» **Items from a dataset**
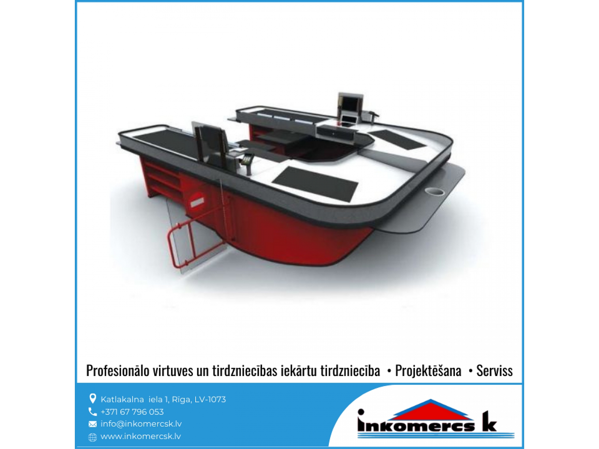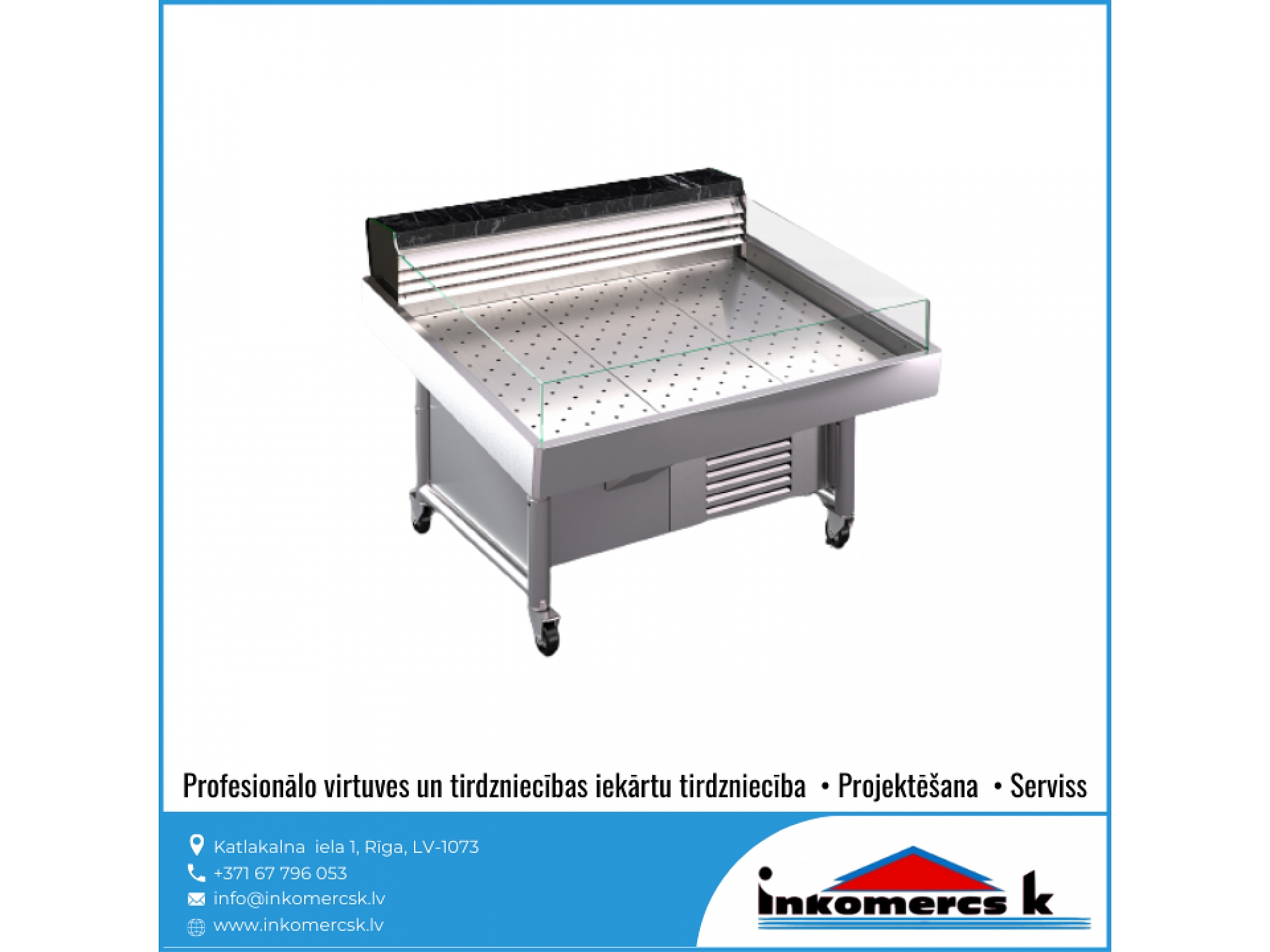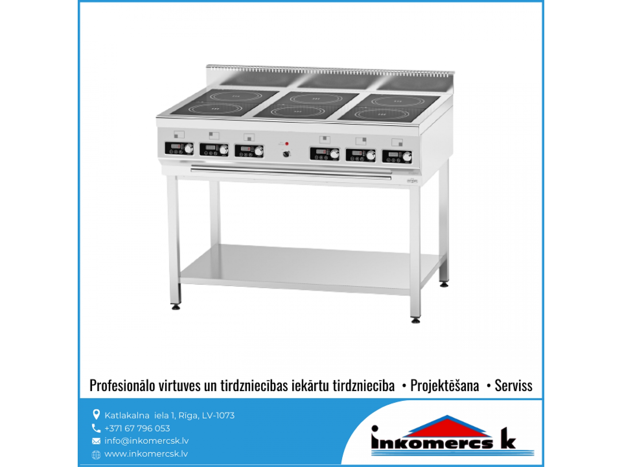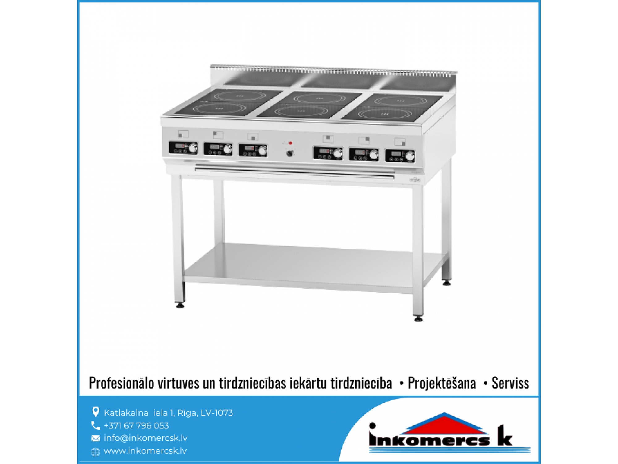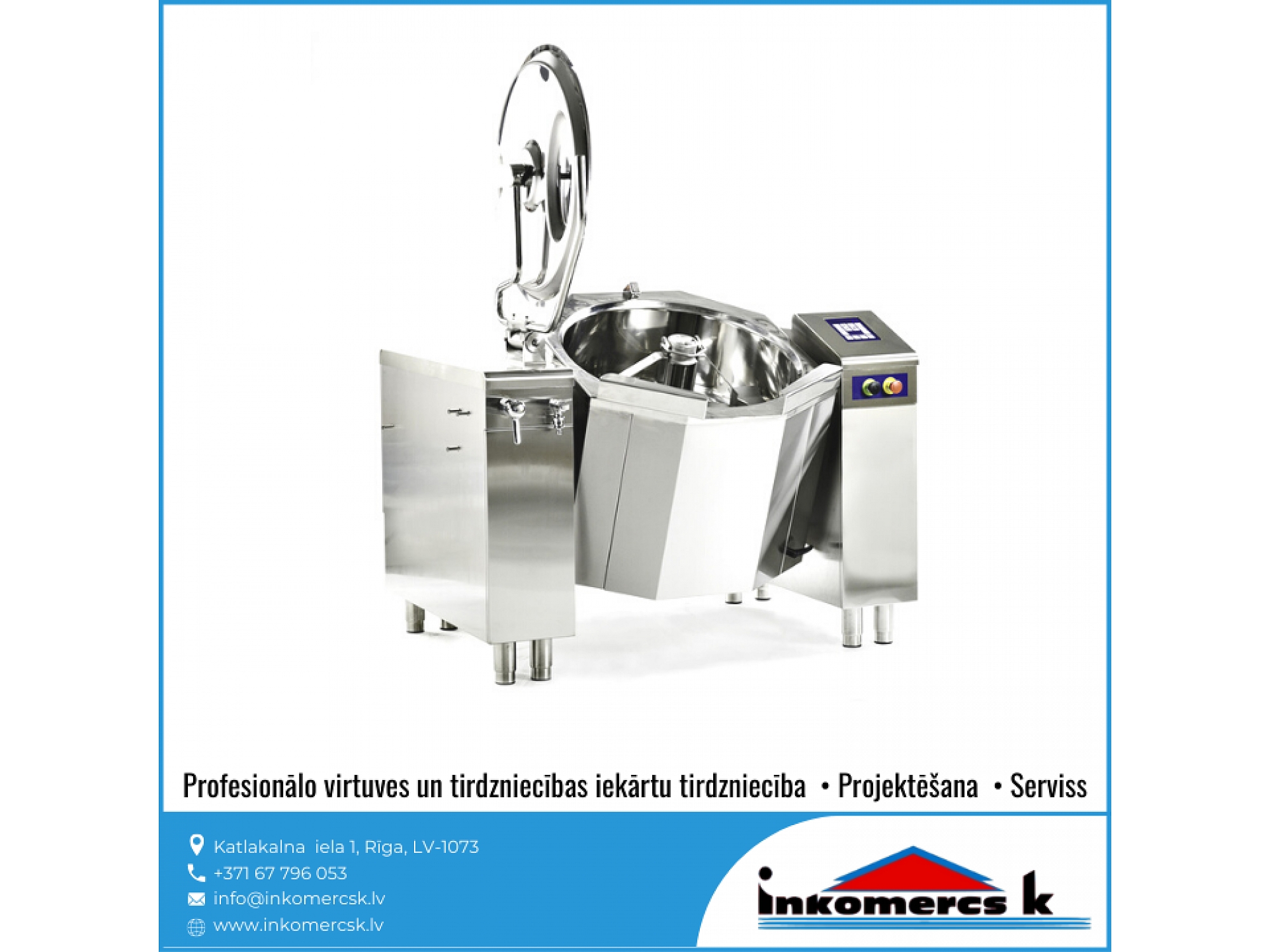 "Inkomercs K" piedāvā plašu profesionālās virtuves un tirdzniecības iekārtu sortimentu dažādās cenu kategorijās. Mums ir vairāk nekā 15 gadu pieredze, lai saviem klientiem piedāvātu labāko risinājumu. Mēs konsultējam, projektējam dažāda veida ēdināšanas iestāžu projektus - kafejnīcām, bāriem, ēdnīcām, veikaliem, lielveikaliem, viesnīcām, skolām, bērnudārziem un citiem. Kā arī nodarbojamies ar iekārtu tirdzniecību, montāžu un veicam iekārtu apkalpošanu un servisa darbus. Pie mums ir kvalitātes garantija.
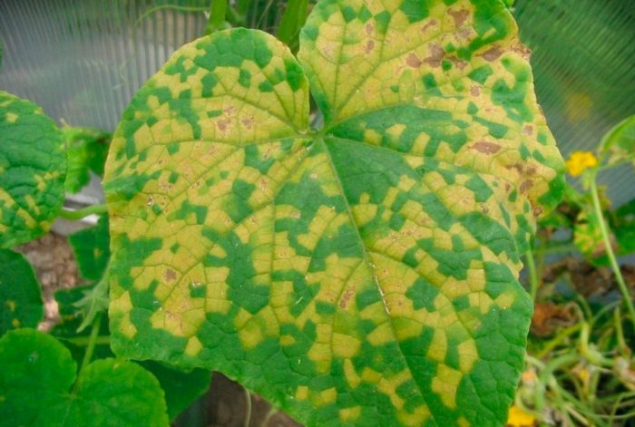 u roślin chorych na mozaikę kapusty na liściach tworzy się wzór, żyły stają się napięte, a płytki zdeformowane. W miarę rozwoju choroby wokół głównych żył tworzy się granica ciemnozielonego koloru, na powierzchni liści pojawiają się martwicze białawe plamy.
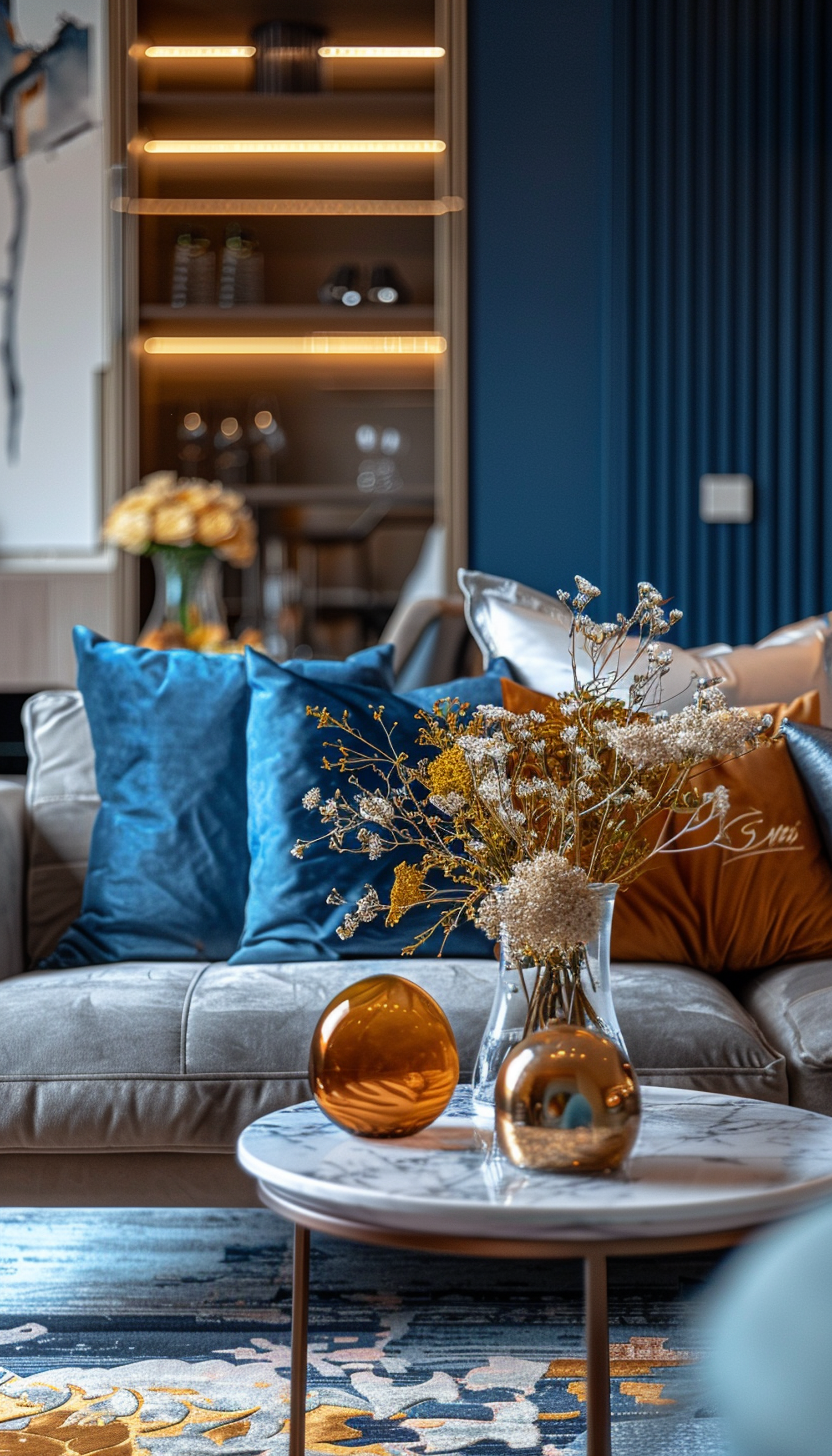 Modern living room with gray sofa, blue and orange cushions, marble table, and elegant decor in blue and gold tones.
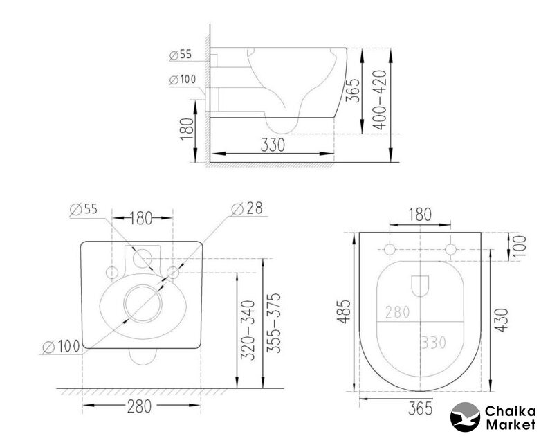 подвесной, без бачка, задний подвод воды, горизонтальный выпуск
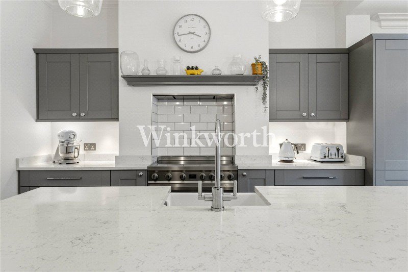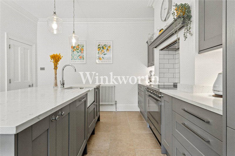 The property offers just under 1,000 sq ft of impressive living accommodation, enhanced by high ceilings throughout and stylish décor in Farrow & Ball colours. At the front of the flat is a spacious reception room, while the heart of the home is a stunning eat-in kitchen featuring an extensive range of wall and base units, space for a double oven, a central island, and ample room for a dining table.

» **Problem**
From the opening line of the entries, copy each line exactly until the line with "подвесной, без бачка, задний", which is copied as well; leave out pictures.

» **Result of this task**
 "Inkomercs K" piedāvā plašu profesionālās virtuves un tirdzniecības iekārtu sortimentu dažādās cenu kategorijās. Mums ir vairāk nekā 15 gadu pieredze, lai saviem klientiem piedāvātu labāko risinājumu. Mēs konsultējam, projektējam dažāda veida ēdināšanas iestāžu projektus - kafejnīcām, bāriem, ēdnīcām, veikaliem, lielveikaliem, viesnīcām, skolām, bērnudārziem un citiem. Kā arī nodarbojamies ar iekārtu tirdzniecību, montāžu un veicam iekārtu apkalpošanu un servisa darbus. Pie mums ir kvalitātes garantija.
 u roślin chorych na mozaikę kapusty na liściach tworzy się wzór, żyły stają się napięte, a płytki zdeformowane. W miarę rozwoju choroby wokół głównych żył tworzy się granica ciemnozielonego koloru, na powierzchni liści pojawiają się martwicze białawe plamy.
 Modern living room with gray sofa, blue and orange cushions, marble table, and elegant decor in blue and gold tones.
 подвесной, без бачка, задний подвод воды, горизонтальный выпуск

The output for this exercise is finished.